David Rosenstrauch darose-prQxUZoa2zOsTnJN9+BGXg at public.gmane.org
Thu Oct 28 18:23:30 EDT 2010


On 10/27/2010 10:40 PM, Mark Woodward wrote:
> Here's my rant.
>
> I've been a software developer for over 25 years. When I started, it was
> a cool profession. We were creative and we had options. We got paid well
> and we did amazing things.
>
> 25 years later.....
>
>
> The "cloud echo chamber" makes it impossible to do anything that make
> sense.
>
> The "agile" development process is nothing more than code for
> micro-management.
>
> Are there any good places to work? Are there any really interesting
> projects to work on? If so, how does one find them?

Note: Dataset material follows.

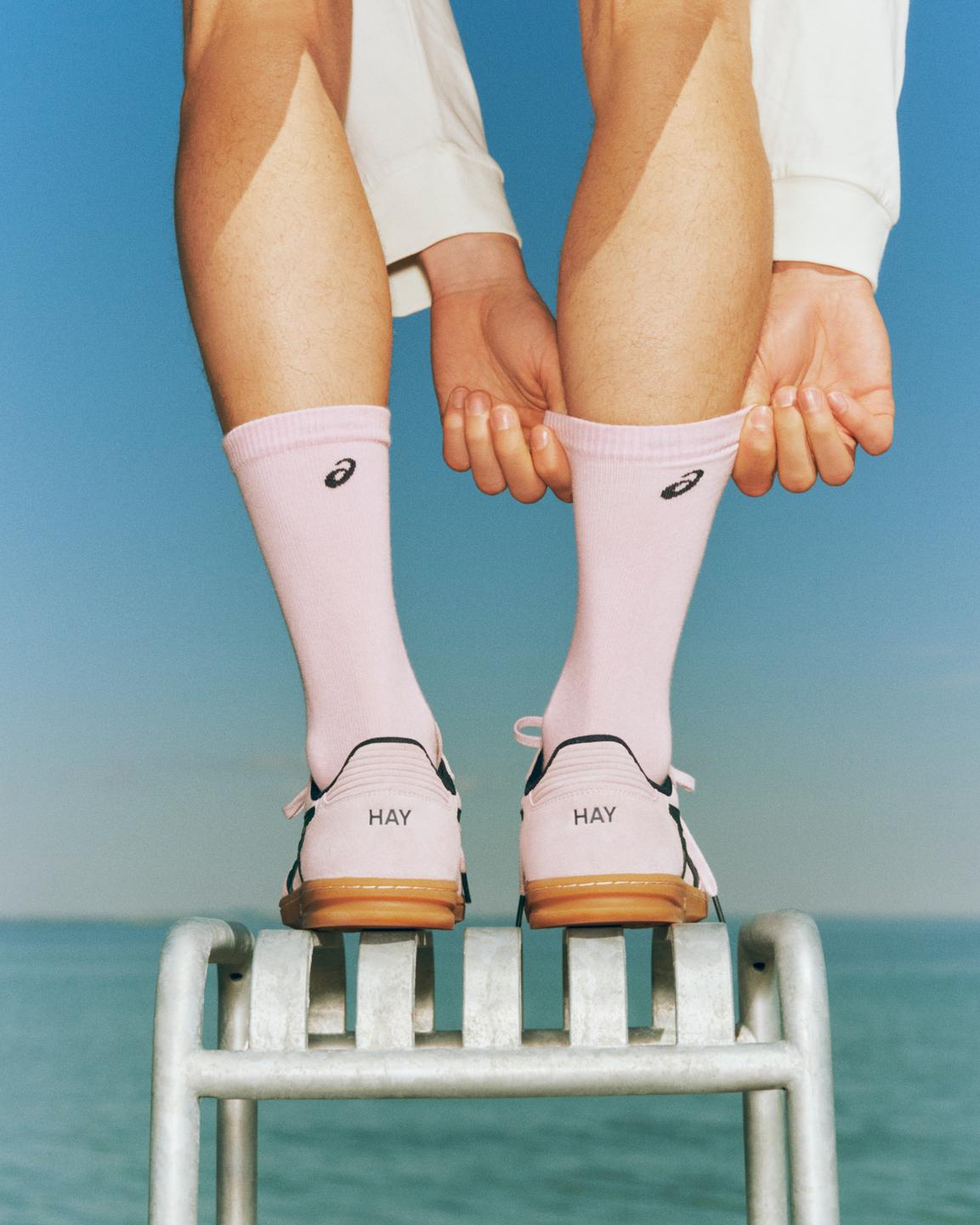 近日,HAY 又玩起了跨界联名,携手亚瑟士打造了全新复古「薄底鞋」SKYHAND OG。
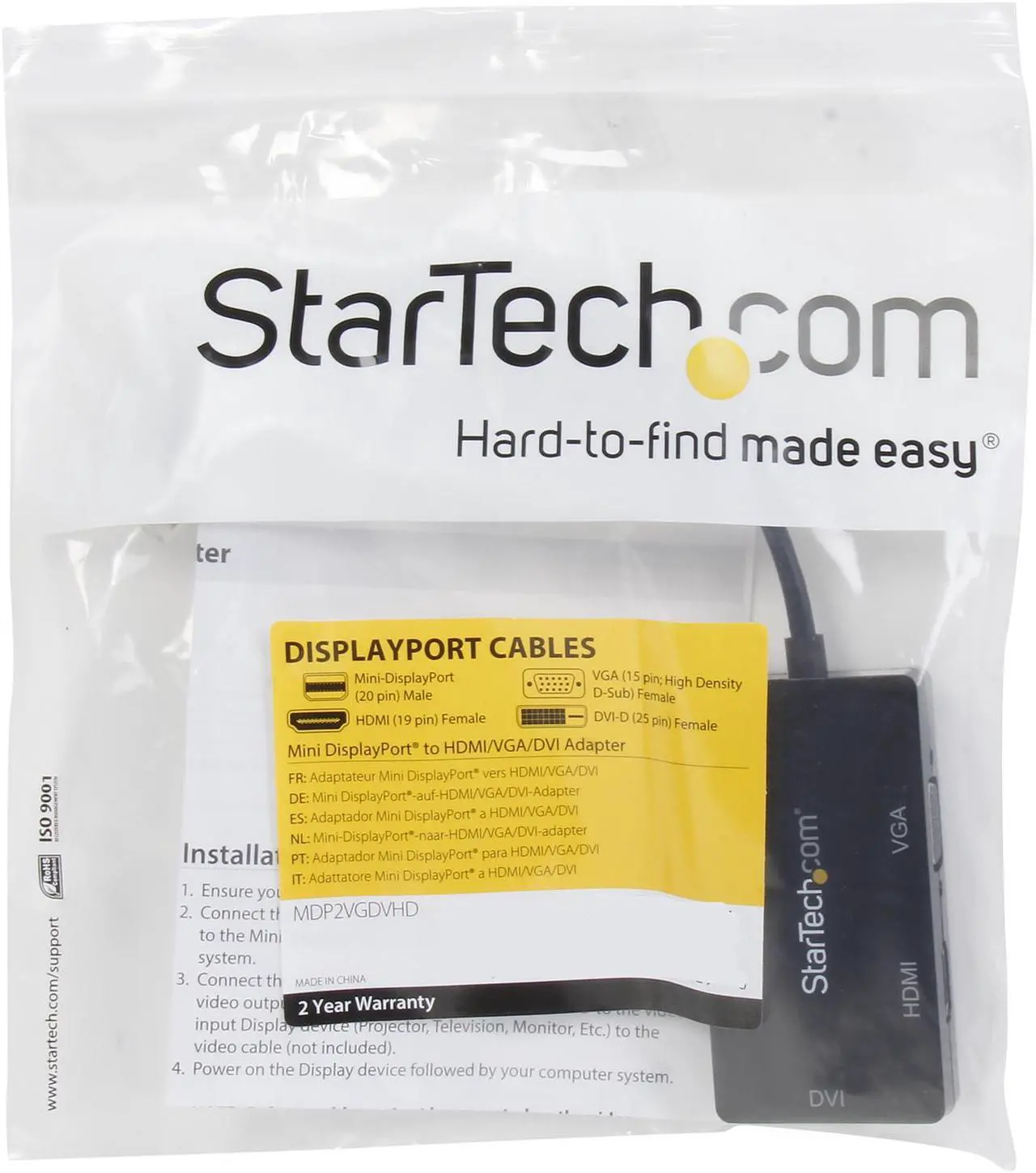 StarTech Mini DisplayPort to VGA/DVI/HDMI adapter β€” 3-in-1 travel-ready display solution with 4K HDMI support

Can't say I share this dismal view of the industry.  Yes, the industry 
has changed, but as long as you keep changing along with it there's 
interesting places to work at and interesting technology to work with.

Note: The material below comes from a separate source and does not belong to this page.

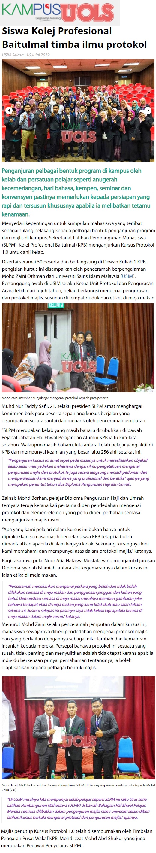 Siswa Kolej Professional Baitulmal Timba Ilmu Protokol

Much of what was "the software industry" has morphed and changed.  There 
is still some "for-profit consumer software" being written (e.g., MS 
Office), but not much.  Much of that has either become open source 
software (e.g., Firefox), or has become web-based (i.e., Saas).

Similarly there is still some "enterprise software" being written, but 
far less of it (since it's hard to sell expensive software these days), 
and again much of that has also become web-based/SaaS.

My personal opinion is that much of the exciting, interesting work these 
days is either at Internet/startup companies (e.g., working with 
large-scale data), or in mobile (e.g., iPhone) - or a combination of the 
two.

I've personally gotten involved in the former (in the form of Apache 
Hadoop / Map-reduce), and I'm finding it exciting and interesting, as 
well as having lots of opportunity.  Hadoop is such a hot skill right 
now that at the startup I work for we can't find many good developers 
who have experience with it - and I get contacted several times a week 
by recruiters looking to poach me because I've worked with it.

So from where I sit there's joy left in the industry.  I guess the way I 
see it is that you just have to be in the right parts of the industry - 
and working with the right technologies - to be feeling it.